Я знал этот плакат, я хорошо его помнил. Иногда он даже немного мне снился.

— Читай, читай! — сказал Белоглазов.

— Да я знаю, я читал, — сказал я, переступая на месте, потому что в голове я уже побежал по делам.

— Чего же ты куришь? — спросил Белоглазов с презрением. От этого презрения я слегка забеспокоился. Если человек позволяет себе выражать так открыто презрение, значит, он знает позади себя силу.

Мне бы сразу же тогда сообразить, но я торопился. Если б я тогда сообразил, то рука что-то сделала бы с той папиросой. На руке был широкий рукав пиджака. На руке были ловкие пальцы для этого дела. Но я забыл про нее, то есть руку, и она ничего с папиросой не сделала.

— Я не курю, — сказал я только, потому что я еще не курил и хорошо это помнил.

— Куришь!

— Нет, не курю, — отвечал я с досадой.

— Ты еще недоволен? — сказал Белоглазов. — Куришь на территория и еще недоволен.

— Я доволен, — сказал я.

— Чем ты доволен?

— Ну всем… всем доволен.

— Ты, что, издеваешься надо мной? — сказал Белоглазов. Он оглянулся, увидал, что людей рядом нет, и сказал мне одно очень обидное слово, которого я ни за что не повторю.

— А этого, — сказал Белоглазов радостно, — я тебе не оставлю так, сука!

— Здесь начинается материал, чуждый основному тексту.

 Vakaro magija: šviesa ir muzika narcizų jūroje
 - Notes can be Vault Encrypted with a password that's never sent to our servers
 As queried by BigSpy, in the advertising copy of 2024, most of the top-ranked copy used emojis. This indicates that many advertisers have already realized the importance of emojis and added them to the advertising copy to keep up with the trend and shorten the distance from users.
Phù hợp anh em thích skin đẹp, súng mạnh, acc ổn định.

Он указал на мою папиросу и, повеселевший, отправился дальше.

Я очень обиделся на Белоглазова, но смолчал. Все же я находился на заводе, где не должен вступать ни в какие личные счеты. Вскоре я убедил себя забыть эту обиду, нанесенную мне грубым человеком Белоглазовым, с которым я решил теперь не здороваться, если придется.

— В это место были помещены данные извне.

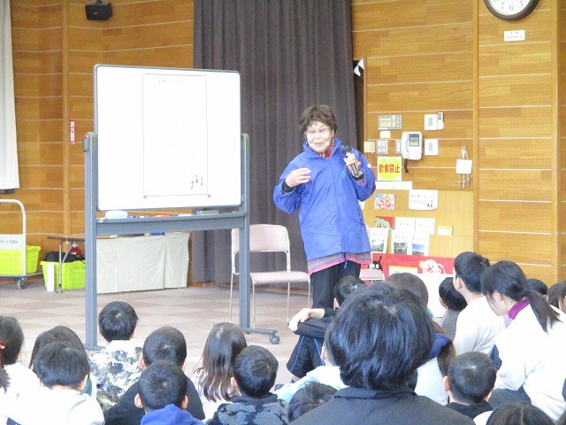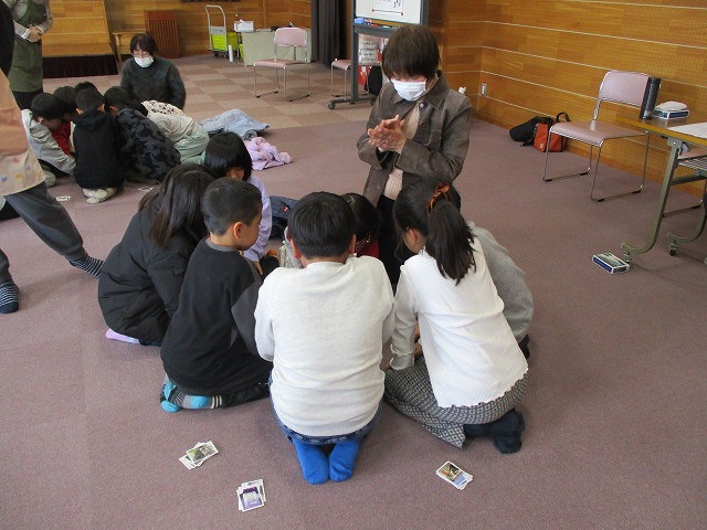 昨年に引き続き今年も口之津史談会さんにご協力いただき、かるた大会を行いました。競技前に口之津史談会の方より1枚ずつ「口之津カルタ」の解説をしていただきました。また、口之津史談会の方には読み手や各グループへの見守りなどをしていただきました。

Назавтра мне вынесли выговор по заводу. Белоглазов, оказывается, был членом комиссии какой-то местной власти, которая имеет полное право всюду ходить и раздавать замечания. А все должны эти замечания слушать, ни за что не возражая ни словом. Это был очень опасный для меня человек, который расхаживал с видом монтера. Нельзя забывать свою руку перед таким человеком.

Скоро кончился месяц, и меня лишили ежемесячной премии, по-тому что я имею выговор по заводу. Мне было жалко ее, такая это была симпатичная, круглая, заработанная премия, — но я промолчал.

В конце квартала завод получил среди других заводов первое место. Многим, кто хорошо в это время работал, давали маленькие премии за соревнование. Дали эту премию и мне. Она была тоже приятная премия, хотя и небольшая. Но в последний момент ее где-то у меня все же вычеркнули, там, где могут вычеркивать то, что хотят.

Конечно, это было обидно, но я опять промолчал.

— Не надо, не надо, — сказал я себе. — Пусть все будет спокойно. Надо честно работать дальше и снова дальше. Пусть они увидят, пусть почувствуют, как они неправы!

И я работал, чтоб они это увидели, чтобы почувствовали. Кто «они», я себе не разъяснял.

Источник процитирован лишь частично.